CBC’s homegrown editing approach is made possible by some high-end server gear and serious bandwidth from Avid Technologies Inc. Tewksbury, Mass.-based Avid is a vendor of digital media creation tools for film, video, audio, animation, games, and broadcast professionals.

The Avid Unity Server takes in seven common feeds (footage shared by other networks) and feeds from three CBC cameras through an OC-3 pipe that supports speeds of 155Mbps.

All this information is stored in a mainframe housed at the CBC and backed-up on tape. The CBC used the same technology for the 2004 Athens Summer Olympics. Sidoli said products such as these are ideal for covering international multi-sport events like the Olympics.

By opting for this technology, CBC was able to cut in half the crew it normally sends to events, Sidoli said. By doing so, he added, the CBC will save money on flights and accommodation.

According to Sidoli, a benefit of editing footage using server technology is files on the server can be used by anyone, at any time. In the past, he said, people would fight over tapes because footage they needed would only be on a particular tape. That’s no more than an unpleasant memory.

CBC’s use of server technology has garnered interest from NBC. Representatives from the U.S. network came up to Canada to talk to the CBC about their experience with the technology.

Although the technology makes editors’ lives easier, Terry Ludwick, executive producer of CBC’s coverage of the World Track and Field Championships, said there are still some challenges they face since the technology is still new.

When playing from a file instead of a tape, chances of playing the wrong footage are exponentially higher, according to Ludwick. He said the risk is higher as editors don’t get to see the footage on file like they would on a tape.

Bandwidth requirements are also high. For example, downloading a 10-minute segment to a server from Helsinki could take up 40 minutes, Sidoli said. In the future, he hopes it will take about two minutes.

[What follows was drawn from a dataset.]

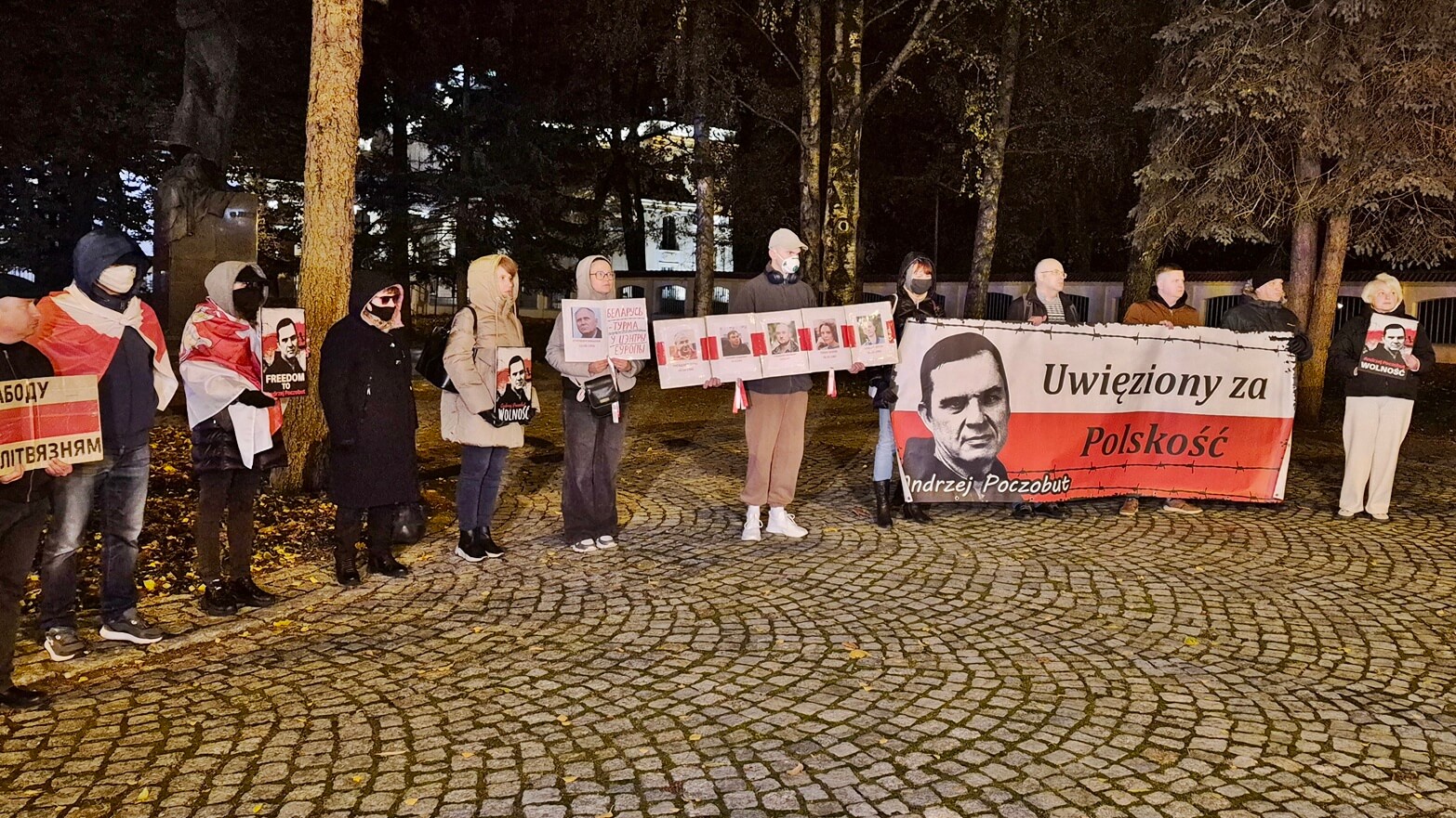 Zebrani mieli ze sobą portrety represjonowanych, biało-czerwono-białe flagi i transparent "Uwięziony za Polskość" z podobizną dziennikarza i działacza Związku Polaków na Białorusi.

Editors also face an ongoing challenge of having to wade through thousands of files with similar names just to find the correct one.

As all the information is stored on a single server, what happens if that server fails?

Sidoli doesn’t even want to think about that.

“We would be in trouble,” he said, “All the footage is backed-up [on tape] but we didn’t set up for linear editing.”

Ludwick isn’t sure how much footage will be coming in from Helsinki but predicts the Avid server will have to handle around 5,000 hours of footage during CBC’s coverage of the 2006 Winter Olympics in Turin, Italy.

“We would have to purge the system once in a while as the server cannot hold that much information,” said Ludwick. The Avid server can hold up to 400 hours.

In future, Ludwick hopes CBC will be able to share the footage on its servers with other broadcasters.

Currently, the news department at the CBC is lending the Avid technology to its sports division but Sidoli hopes the World Track and Field Championship and Turin would be a good enough business case to get permanent servers for the sports division.

In addition to the 2006 Olympic Winter Games, the CBC plans to use the Avid Unity Server for the 2008 Olympic Summer Games in Beijing.